Fight for Your Life

Resist the urge to tidy; read your Bible instead!
Bible time trumps tidy-up time! Resist the urge!

A friend of mine was recently working on an Intensive Care Ward in a hospital.  She told me she was really struck by the human survival instinct: bodies everywhere, usually unable to breathe by themselves, often unable to communicate, often with very little hope of a decent quality of life.  But still they fight.  And their families fight for them.  She made the powerful observation that actually our spiritual lives are more precious than our physical lives and yet we often don’t have that same level of spiritual survival instinct.  Do we fight for our spiritual lives with as much passion and determination as those poor Intensive Care patients?

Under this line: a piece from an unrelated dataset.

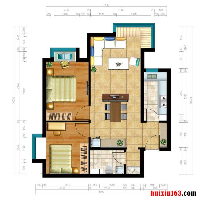 ![]() 百乐园小区-87平米二居室田园风格效果图- 平面图

When I was pregnant with our first child, we went to visit some very experienced and wonderful parents to attempt to find out what we were letting ourselves in for.  We talked a bit with them about trying to fit in a ‘quiet time’ (daily devotional/bible reading time) once you’re a mum.  They said they’d heard a pastor once say that the only people in the church who have an excuse not to do a daily quiet time are mums with young children.  Now I know what the pastor means, because it seems to be uniquely hard to fit it in once you have a baby, especially in the early weeks.  But at the time I thought it seemed a bit unfair on mums.  Surely they need God’s word in their lives every day, just like everyone else in the church.  So giving them an excuse not to read their Bible seemed almost to be cheating them out of the chance to be spiritually nourished each day.  And usually when I look back on things my pre-motherhood self said about motherhood, I point and laugh and say ‘Ha! Idiot!’ but in this case I think I had a point!  But as I’ve got deeper and deeper into sleep-deprived motherhood, I’ve often lost sight of that and fallen back on the excuse: ‘Um… I’ve got a baby.’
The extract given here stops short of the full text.